Some unknown sequence of packages slowly being installed and perhaps
getting broken over time?  It only showed up when I started trying to
install libpcl-dev:i386, but now aptitude is stuck trying to resolve
dependencies.  Nothing I can do seems to be able to stop it; that is, if
I kill aptitude and start it again, it just starts over trying to
resolve dependencies.  If I try to use the "Cancel pending actions",
aptitude dies with a segfault (I will open a separate bug for this
specific behavior).

   * What exactly did you do (or not do) that was effective (or
     ineffective)?

Nothing was effective.  Killing and restarting aptitude had no effect.
"Cancel pending actions" led to a SIGSEGV and also had no positive
effect.

Based on the advice of closed bug #665794, I have used
aptitude-create-state-bundle; the file is 168 MB.  Kindly suggest where
to upload it.

Many thanks.

#373846#73
Date:
2024-05-07 17:09:05 UTC
From:
To:
I was out for a few days, and the large number of updates that's been happening in testing lately probably threw aptitude out of whack.

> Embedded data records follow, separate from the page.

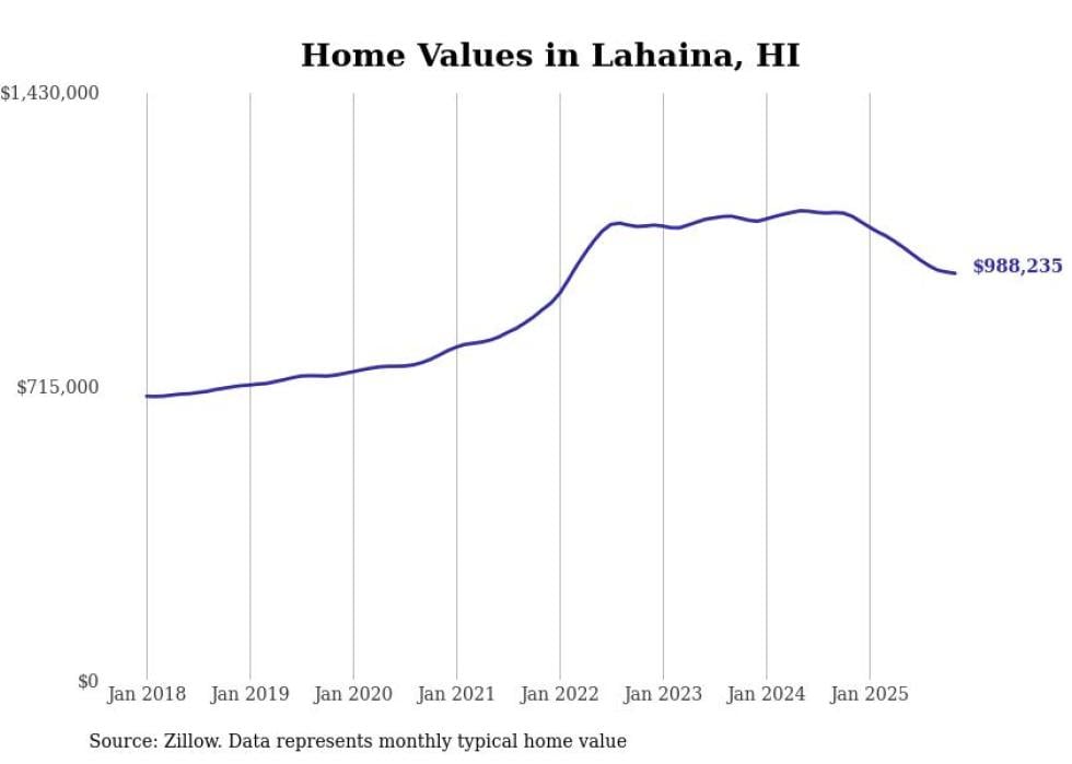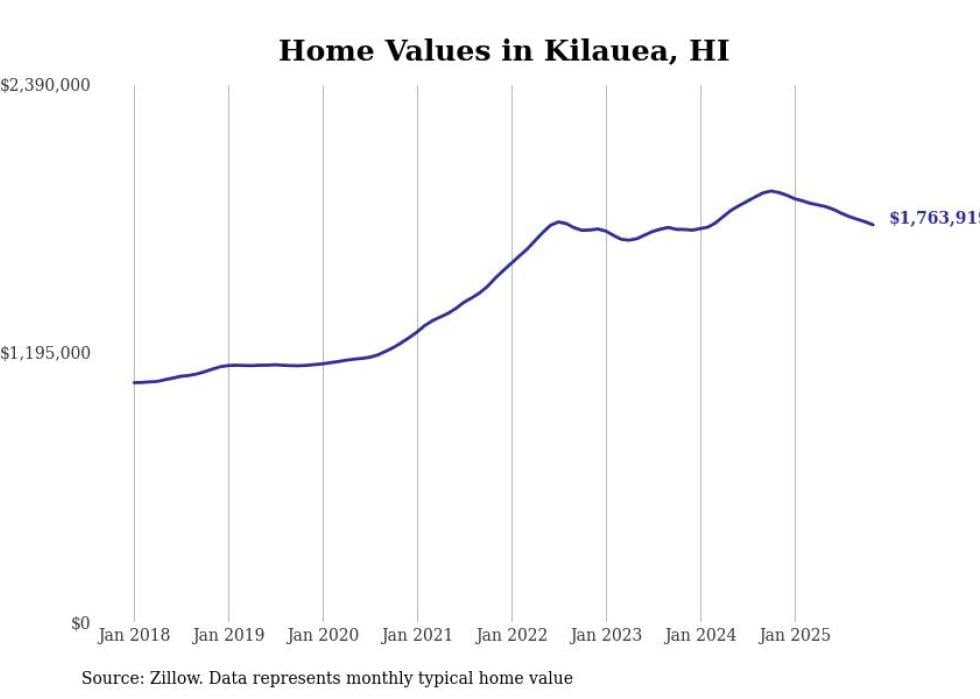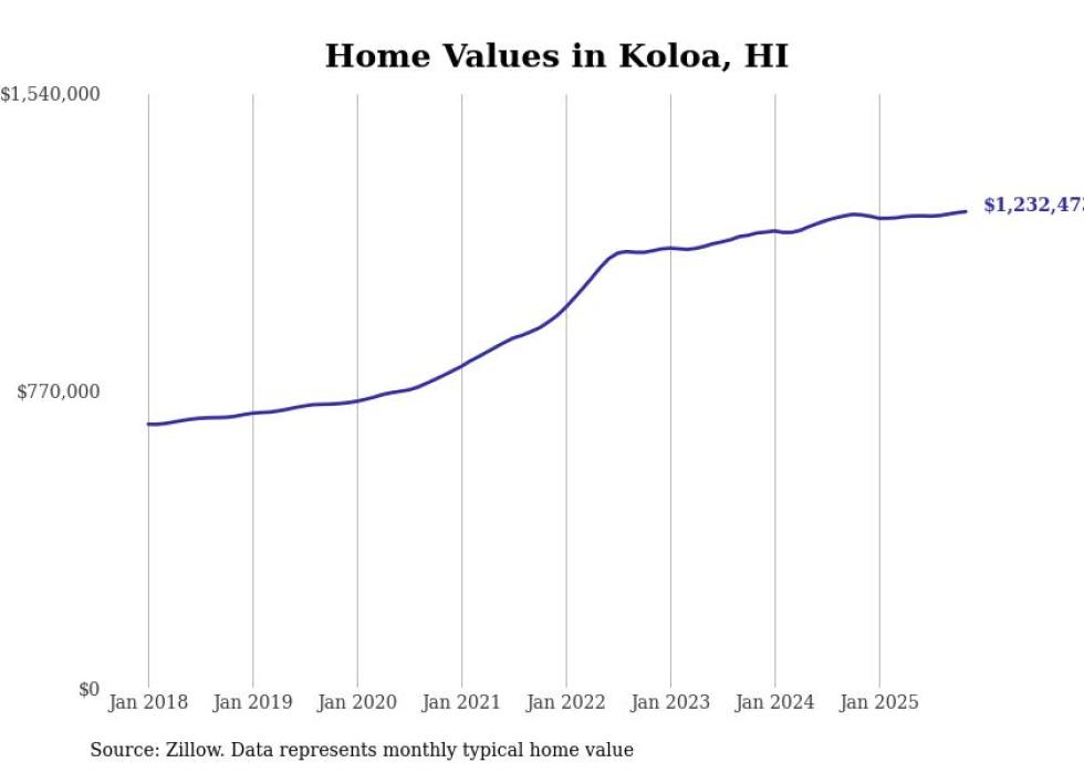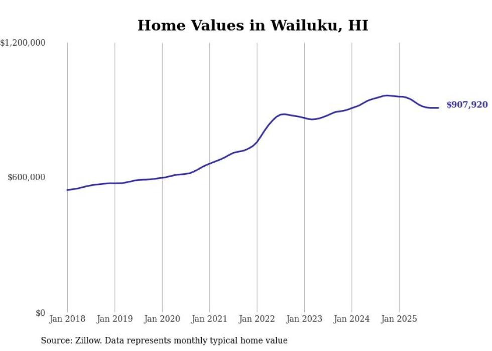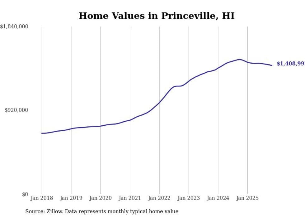 Stacker compiled a list of cities with the most expensive homes in Hawaii using data from Zillow. Cities are ranked by the Zillow Home Values Index for all homes as of November 2025. The charts in this story were created automatically using Matplotlib.
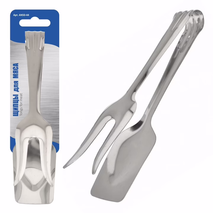 Дополнительно к набору традиционных аксессуаров для кухни используйте универсальные щипцы. Изделие многофункционально и практично в использовании. Одна сторона выполнена в виде лопатки, другая – в виде двузубой вилки для нанизывания продуктов. Перемешивайте салаты, переворачивайте шпикачки, мясо, рыбу и овощи во время жарки на сковороде или гриле. Приспособление пригодится для порционного раскладывания блюд. Щипцы изготовлены из стали с хромированным покрытием, выглядят стильно, рассчитаны на длительное использование. Можно мыть в посудомоечной машине.
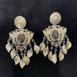 Vintage Metal Tin Silvertone Runway Feather Black Bead Stone Pierced Lightweight

I'm running testing (Trixie/sid), and trying to update using aptitude causes it to crash after running out of memory (I currently have 45G of swap, and I stopped it at 22G, with no sign of it slowing down).

Taking note of Message #10 in this bug, I pressed '*' while aptitude was labouring away, and the resulting file is attached (uncrunched, it's around 35M in size).